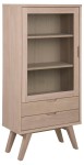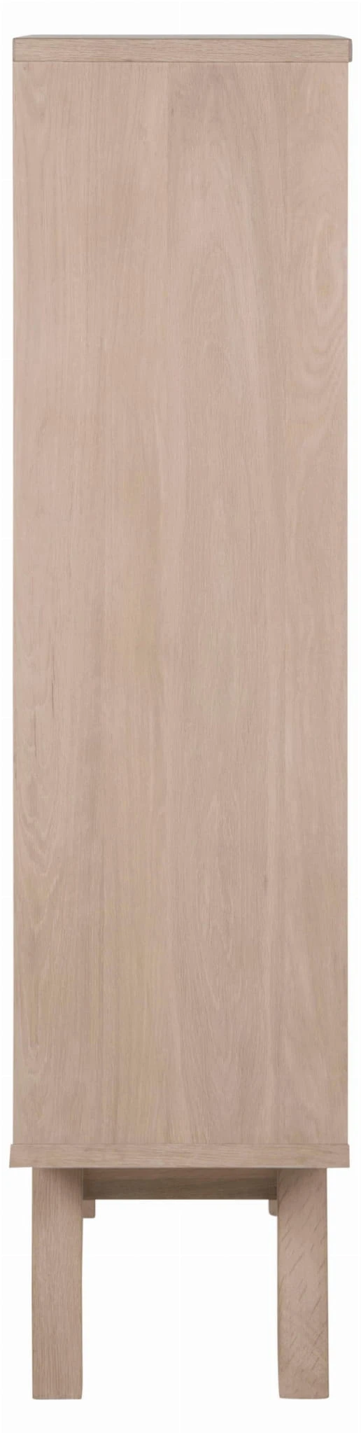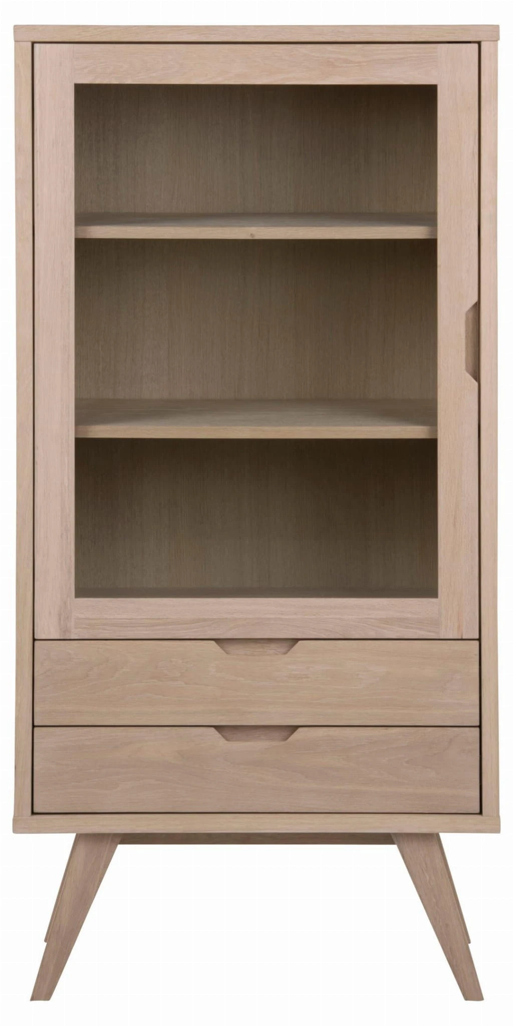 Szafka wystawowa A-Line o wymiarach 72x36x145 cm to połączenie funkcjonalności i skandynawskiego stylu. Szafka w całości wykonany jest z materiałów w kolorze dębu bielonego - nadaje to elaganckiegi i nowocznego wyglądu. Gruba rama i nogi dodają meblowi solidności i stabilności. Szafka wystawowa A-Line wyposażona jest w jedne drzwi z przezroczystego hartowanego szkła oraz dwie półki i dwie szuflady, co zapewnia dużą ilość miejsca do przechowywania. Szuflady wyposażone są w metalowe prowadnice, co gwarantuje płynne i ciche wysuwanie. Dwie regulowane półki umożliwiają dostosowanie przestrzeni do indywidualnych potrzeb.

---

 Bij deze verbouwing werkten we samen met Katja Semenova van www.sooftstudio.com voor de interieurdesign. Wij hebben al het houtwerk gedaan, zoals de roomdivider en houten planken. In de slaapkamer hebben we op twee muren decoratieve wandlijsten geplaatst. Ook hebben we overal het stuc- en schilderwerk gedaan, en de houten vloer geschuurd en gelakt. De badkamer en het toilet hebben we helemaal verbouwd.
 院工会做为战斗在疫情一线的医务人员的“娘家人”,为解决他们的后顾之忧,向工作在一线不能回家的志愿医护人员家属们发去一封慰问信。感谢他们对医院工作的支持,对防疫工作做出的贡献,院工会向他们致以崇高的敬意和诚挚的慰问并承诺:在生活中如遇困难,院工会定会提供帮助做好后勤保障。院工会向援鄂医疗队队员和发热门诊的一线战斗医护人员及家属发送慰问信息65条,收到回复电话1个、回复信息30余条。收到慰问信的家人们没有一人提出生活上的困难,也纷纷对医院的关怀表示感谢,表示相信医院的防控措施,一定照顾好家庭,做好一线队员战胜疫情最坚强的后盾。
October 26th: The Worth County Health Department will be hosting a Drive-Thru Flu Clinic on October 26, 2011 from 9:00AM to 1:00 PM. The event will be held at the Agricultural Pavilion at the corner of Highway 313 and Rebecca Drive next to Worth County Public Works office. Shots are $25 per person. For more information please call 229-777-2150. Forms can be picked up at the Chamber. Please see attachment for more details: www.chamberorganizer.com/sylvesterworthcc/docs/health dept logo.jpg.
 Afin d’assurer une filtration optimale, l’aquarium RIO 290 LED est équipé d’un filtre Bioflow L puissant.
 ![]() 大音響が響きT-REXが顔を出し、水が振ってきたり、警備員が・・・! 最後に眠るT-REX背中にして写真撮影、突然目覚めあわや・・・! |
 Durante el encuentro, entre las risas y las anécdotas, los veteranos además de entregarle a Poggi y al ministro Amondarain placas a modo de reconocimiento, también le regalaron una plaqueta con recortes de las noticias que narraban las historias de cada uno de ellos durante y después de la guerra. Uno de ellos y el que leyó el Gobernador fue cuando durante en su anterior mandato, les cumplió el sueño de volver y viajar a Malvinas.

**Your objective:** From the records above, quote only the lines running from the line with "院工会做为战斗在疫情一线的医" to the line with "Durante el encuentro, entre", both lines included.

**Written solution:**
 院工会做为战斗在疫情一线的医务人员的“娘家人”,为解决他们的后顾之忧,向工作在一线不能回家的志愿医护人员家属们发去一封慰问信。感谢他们对医院工作的支持,对防疫工作做出的贡献,院工会向他们致以崇高的敬意和诚挚的慰问并承诺:在生活中如遇困难,院工会定会提供帮助做好后勤保障。院工会向援鄂医疗队队员和发热门诊的一线战斗医护人员及家属发送慰问信息65条,收到回复电话1个、回复信息30余条。收到慰问信的家人们没有一人提出生活上的困难,也纷纷对医院的关怀表示感谢,表示相信医院的防控措施,一定照顾好家庭,做好一线队员战胜疫情最坚强的后盾。
October 26th: The Worth County Health Department will be hosting a Drive-Thru Flu Clinic on October 26, 2011 from 9:00AM to 1:00 PM. The event will be held at the Agricultural Pavilion at the corner of Highway 313 and Rebecca Drive next to Worth County Public Works office. Shots are $25 per person. For more information please call 229-777-2150. Forms can be picked up at the Chamber. Please see attachment for more details: www.chamberorganizer.com/sylvesterworthcc/docs/health dept logo.jpg.
 Afin d’assurer une filtration optimale, l’aquarium RIO 290 LED est équipé d’un filtre Bioflow L puissant.
 ![]() 大音響が響きT-REXが顔を出し、水が振ってきたり、警備員が・・・! 最後に眠るT-REX背中にして写真撮影、突然目覚めあわや・・・! |
 Durante el encuentro, entre las risas y las anécdotas, los veteranos además de entregarle a Poggi y al ministro Amondarain placas a modo de reconocimiento, también le regalaron una plaqueta con recortes de las noticias que narraban las historias de cada uno de ellos durante y después de la guerra. Uno de ellos y el que leyó el Gobernador fue cuando durante en su anterior mandato, les cumplió el sueño de volver y viajar a Malvinas.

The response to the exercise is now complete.